Abstract
Neutral loss (NL) spectral data presents a mirror of MS2 data, and is a valuable yet largely untapped resource for molecular discovery and similarity analysis. Tandem mass spectrometry (MS2) data is effective for the identification of known molecules and the putative identification of novel, previously uncharacterized molecules (unknowns). Yet, MS2 data alone is limited in characterizing structurally related molecules. To facilitate unknown identification and complement the METLIN-MS2 fragment ion database for characterizing structurally related molecules, we have created a MS2 to NL converter as a part of the METLIN platform. The converter has been used to transform METLIN’s MS2 data into a neutral loss database (METLIN-NL) on over 860,000 individual molecular standards. The platform includes both the MS2 to NL converter and a graphical user interface enabling comparative analyses between MS2 and NL data. Examples of NL spectral data are shown with oxylipin analogues and two structurally related statin molecules to demonstrate NL spectra and their ability to help characterize structural similarity. Mirroring MS2 data to generate NL spectral data offers a unique dimension for chemical and metabolite structure characterization.
Graphical Abstract
Similarity analysis1–4 and molecular networking5,6 using tandem mass spectrometry (MS2) data have become valuable approaches for identifying previously uncharacterized molecules (unknowns).1 Yet key structural information can be lost when relying solely on fragment ion data, for example, the loss of a sulfate ion from two similar molecules of different masses will not result in fragment ion overlap.7 This is of significant practical relevance. A user who would try to identify an unknown based on a MS2 database similarity search would not succeed in obtaining structurally relevant matches. However, retrieving this structurally useful information is possible by analyzing the differences between the molecular ion and the fragment ion, or better known as the neutral loss (NL) and symbolized by Δm/z. NLs1,2 constitute a rich resource, and have already been widely used in proteomics, pharmacology, and metabolomics for over three decades1,2,8–12 as represented by over a thousand papers on the topic. Yet, even though mass spectrometry-based NL analysis has been extensively applied, no small molecule MS2 to NL conversion programs exist, nor any comprehensive library of NL spectra.
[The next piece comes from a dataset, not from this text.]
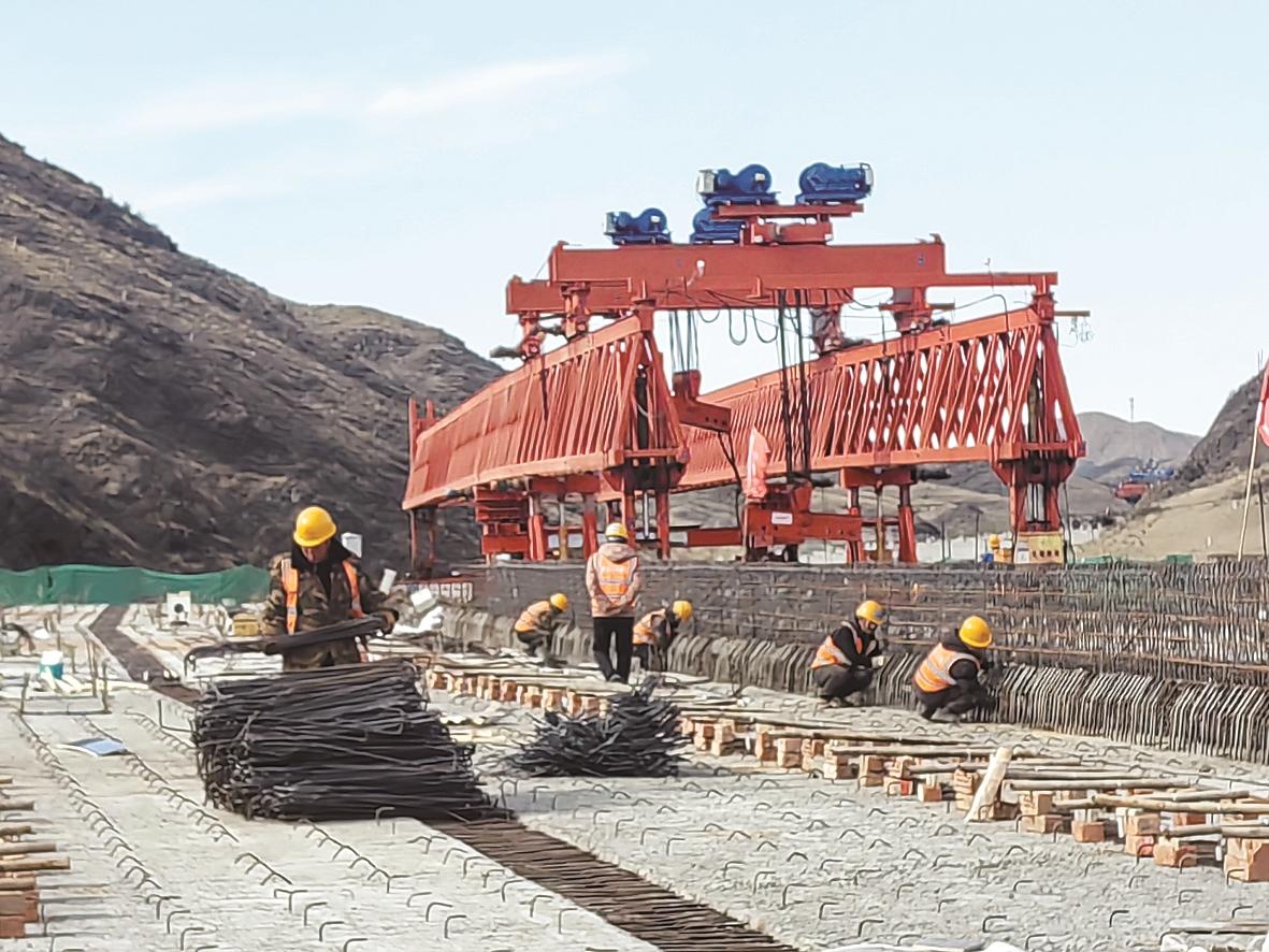 在桥梁拼装区,两台巨型架桥机的组装工作进入最后冲刺阶段。指挥员手持对讲机,在钢铁骨架间穿梭,精准指挥工人拧紧每一颗螺栓。据相关负责人介绍,这两台设备是后续吊梁作业的关键,目前主体拼装已完成,正在进行荷载试验和系统调试,预计五一节后即可通过验收,投入使用。

Unlike MS2 data, which projects the m/z values and intensity of the precursor and each fragment, NL data, Δm/z, is projected as the difference between precursor ions and its respective fragment ions. It also can be generated as a difference between fragment ions.10
The new METLIN NL converter has been created as a general resource, and to convert METLIN’s 860,000 MS2 small molecule molecular standards database into a mirrored NL database (METLIN-NL) to facilitate neutral loss searching. The NL data was derived across a broad range of standards representing hundreds of different chemical classes.3,13 The converter was designed to input METLIN’s MS2 data and convert it to METLIN-NL spectra (e.g. Figure 1 asymmetric dimethylarginine (ADMA)) by using the converter to calculate the differences between the precursor molecular ion and the fragment ions in the experimental MS2 mass spectra (Figure 1A). The NL spectra (NLintensity vs Δm/z) were created (e.g. ADMA Figure 1B) with the NL intensity (NLintensity) using the fragment ion intensities from each precursor/fragment generated NL (Δm/z). It should be noted that not all precursor to fragment peaks represent a true NL between the precursor and fragment ions, and therefore some of the peaks in the NL spectra can also be considered (as recently described10) hypothetical neutral losses.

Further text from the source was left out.